No, you can't. Gravity doesn't work that way in general. You can treat objects with a spherical mass distribution (objects whose density varies only with radial distance from the center of mass of the object) as point masses, but in general you cannot treat an arbitrary collection as a point mass.

Besides, that is not the question raised in the original post. That asked what the period of the Moon's orbit about the Earth would be in the absence of the Sun. That is an easy calculation to make. Since the OP won't do it, here it is:

[tex]P = 2\pi\,\sqrt{\frac {a^3}{G(M_e+M_m)}} = 2\pi\,\sqrt{\frac {a^3}{GM_e(1+M_m/M_e)}}[/tex]

Plugging in the numbers, a=384,399 km, Mm/Me=0.01230004, GMe=398,600.442 km3/s2, yields a period of 27.284500 days.
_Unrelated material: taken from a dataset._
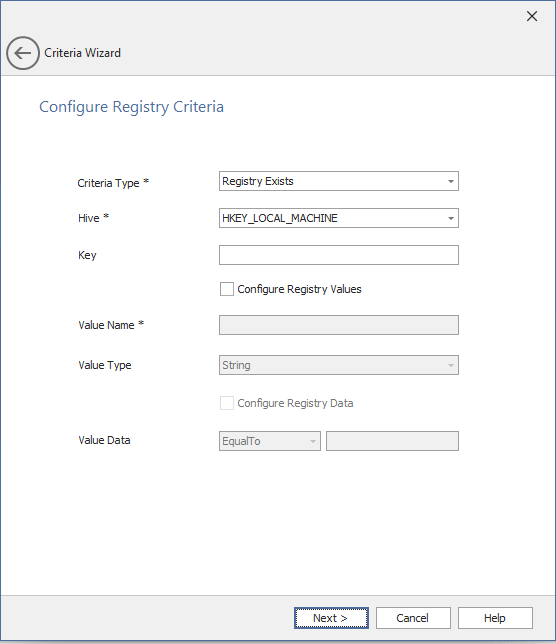 Enter the registry value name that you are using in this criteria. This field is enabled only when the Configure Registry Values check box is selected. |

The Moon's synodic period is 27.321582 days, about 53.40 minutes longer than the value calculated assuming an isolated Earth-Moon system.

That 53.40 minute discrepancy is about 0.136% of the true synodic period. Rather small, but very much observable. So what explains this discrepancy? Simple: This calculation ignores the effects of the Sun, which are obviously of a perturbative nature given that the simplistic calculation comes pretty close to the mark.

A frame with its origin at the Earth-Moon barycenter is not an inertial frame. The Earth and Moon are orbiting the Sun. We can pretend it is an inertial frame by accounting for the acceleration of the frame toward the Sun as a fictitious force. With this, the gravitational force exerted by the Sun becomes a tidal gravitational force (physics term) or a third body effect (solar system dynamics term).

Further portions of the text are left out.